R. Chaim Jachter, Gray Matter volume 2, pp. 238-239:
A number of early twentieth-century authorities believed that one can fulfill the mitzvot of shofar and Megillah even through a microphone system (see Encyclopedia Talmudit 18:749–753). However, they lacked access to precise scientific information, so they formulated their opinion based on common-sense perception, without conclusively knowing whether a microphone simply broadcasts a human voice or first transforms it into electronic signals.
A number of prominent authorities who understood microphones more accurately nonetheless considered permitting their use for mitzvot that entail listening.
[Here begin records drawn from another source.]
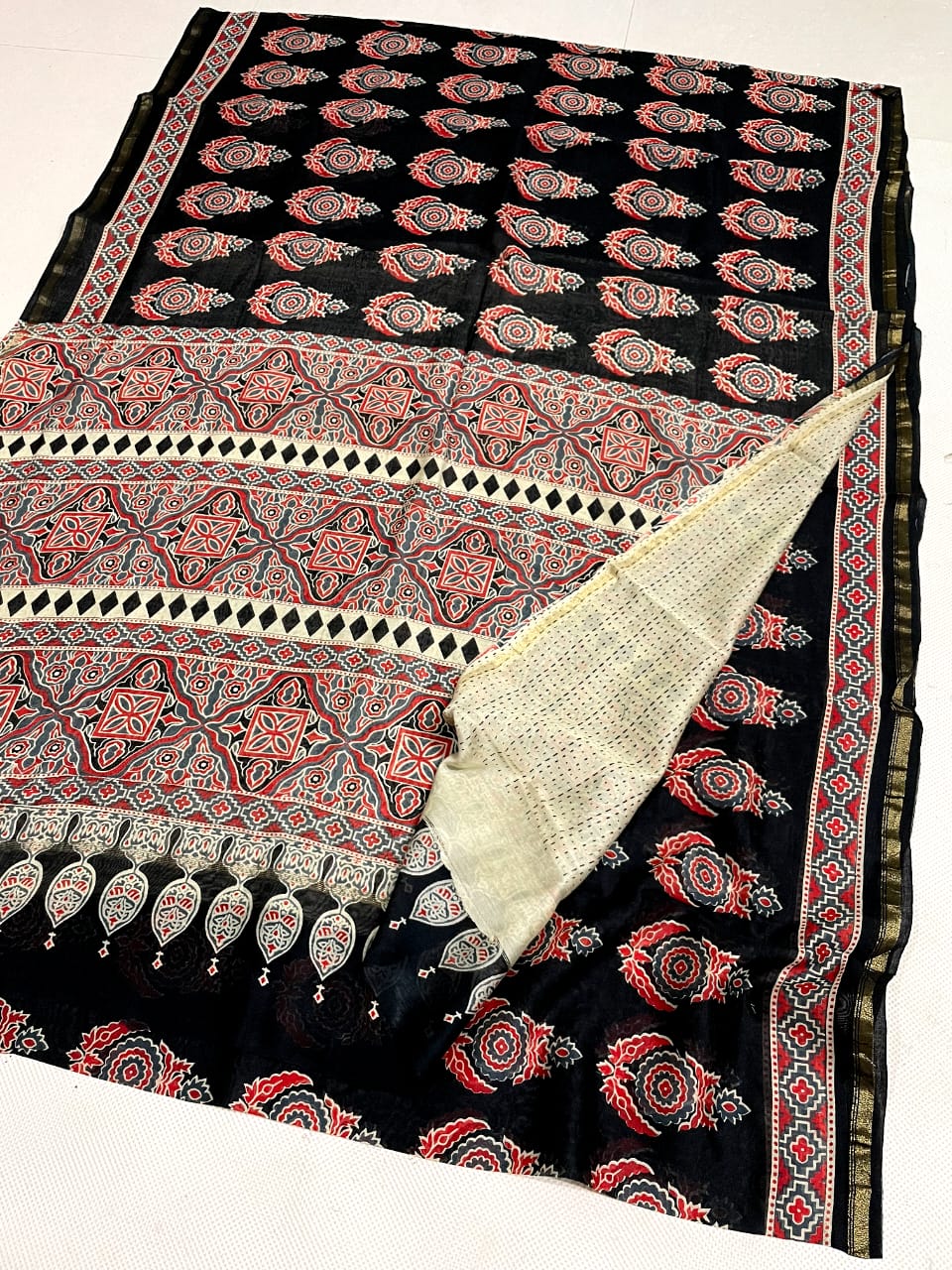 Traditional Ajrakh Print and Bagru Print Chanderi Saree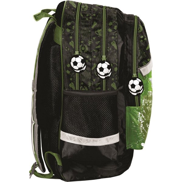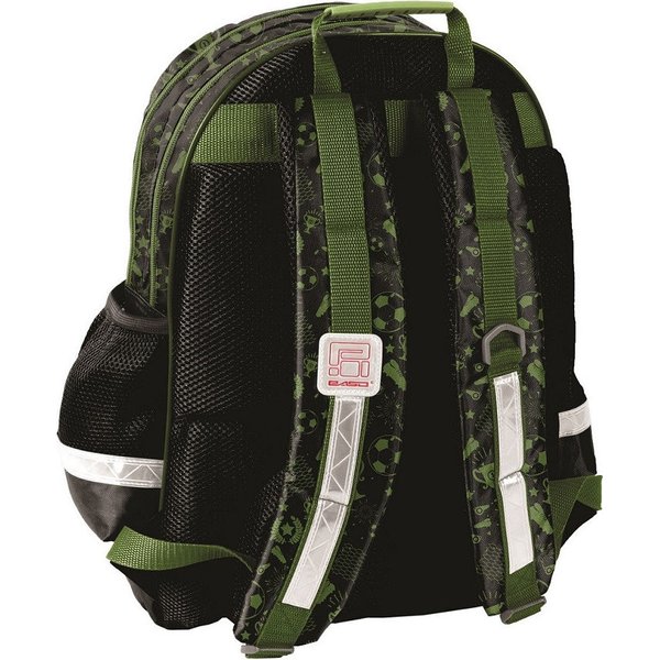 Szkolny plecak od Paso dla miłośników piłki nożnej! Z takim ekwipunkiem dziecko chętnie będzie chodziło do szkoły. Posiada on specjalną budowę, która umożliwi odpowiednią organizację. Wyposażony w dwie duże komory zapinane na zamek, które pozwolą bezpiecznie przechować zawartość. Dodatkowe kieszenie znajdują się na froncie oraz po bokach - te wykonane są z siatki. Boczne kieszonki bez problemu przechowają butelkę czy bidon na napój. Dla zwiększenia bezpieczeństwa, plecak wyposażony został w elementy odblaskowe, które zwiększą widoczność dziecka. Plecy zostały usztywnione gąbką i odpowiednio wyprofilowane, a całość pokryta siatką. Regulacja szelek pozwoli dopasować rozmiar idealnie do wzrostu dziecka, a miękki materiał, którym zostały pokryte zapewni odpowiedni komfort. Również dno plecaka jest odpowiednio usztywnione, a całość uszyta została z materiału wodoodpornego.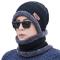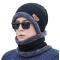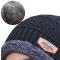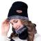 Ensemble Bonnet + Écharpe Hiver Homme/Femme Tricot Acrylique Doublé Polaire Noir Taille Unique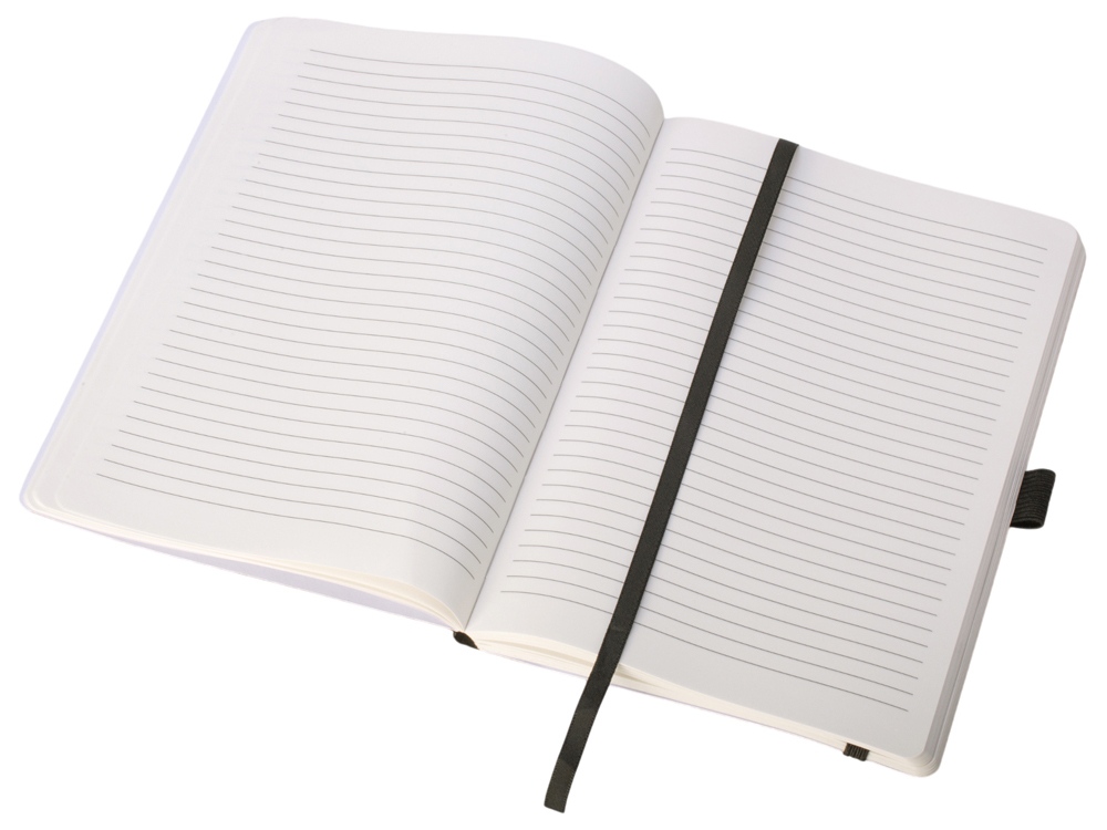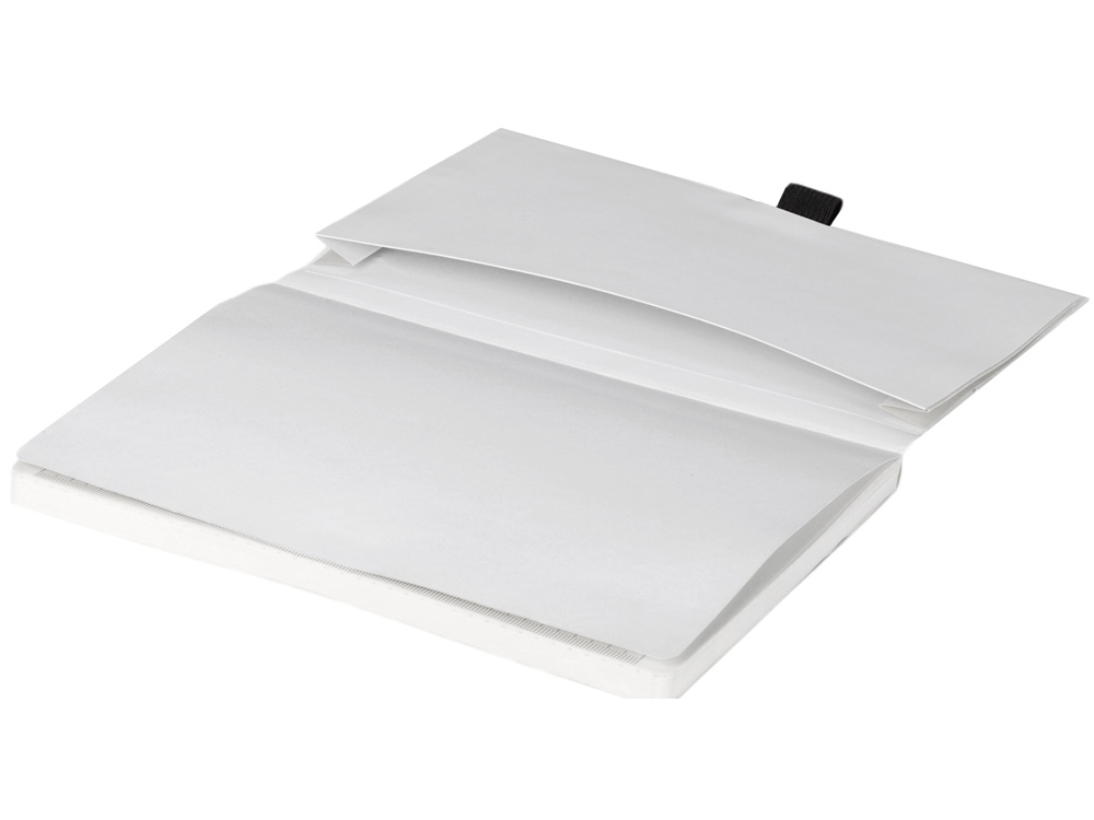 Также блокнот снабжен резинкой и петлей для ручки. Упаковка — конверт из нетканого материала с логотипом.

The Chazon Ish (in an oral communication to Rav Shlomo Zalman Auerbach, cited in Minchat Shlomo 1:9) suggests that perhaps, “since the voice that is heard via microphone was created [at first] by the [human] speaker and the voice is heard immediately,[3] as it would be heard in regular conversation, it is also defined as ‘actually hearing’ the shofar blower or the [voice of the human] speaker.”
Rav Moshe Feinstein (Teshuvot Igrot Moshe, Orach Chaim 2:108) and Rav Tzvi Pesach Frank (cited in Teshuvot Minchat Yitzchak 2:113 and Teshuvot Tzitz Eliezer 8:11) suggest a similar line of reasoning. Rav Moshe indicates that one never hears a sound directly from its source; rather, the vibration created when a person speaks then passes through the air to the listener’s ear. The vibrating air next to the listener is not the same air that vibrated near the speaker’s vocal chords. Thus, indicates Rav Moshe, perhaps any sound that reaches the listener as a direct result of the original sound shares the same halachic status as the speaker’s own voice. Nevertheless, Rav Moshe discourages the use of a microphone even for rabbinic mitzvot, such as reading the Megillah.[4] Rav Shlomo Zalman, however, attacks any possibility of claiming that one can equate an electronically reproduced sound with a person’s original voice...
Rav Shlomo Zalman concludes that the Chazon Ish’s possible leniency is highly questionable, “and I do not comprehend it.”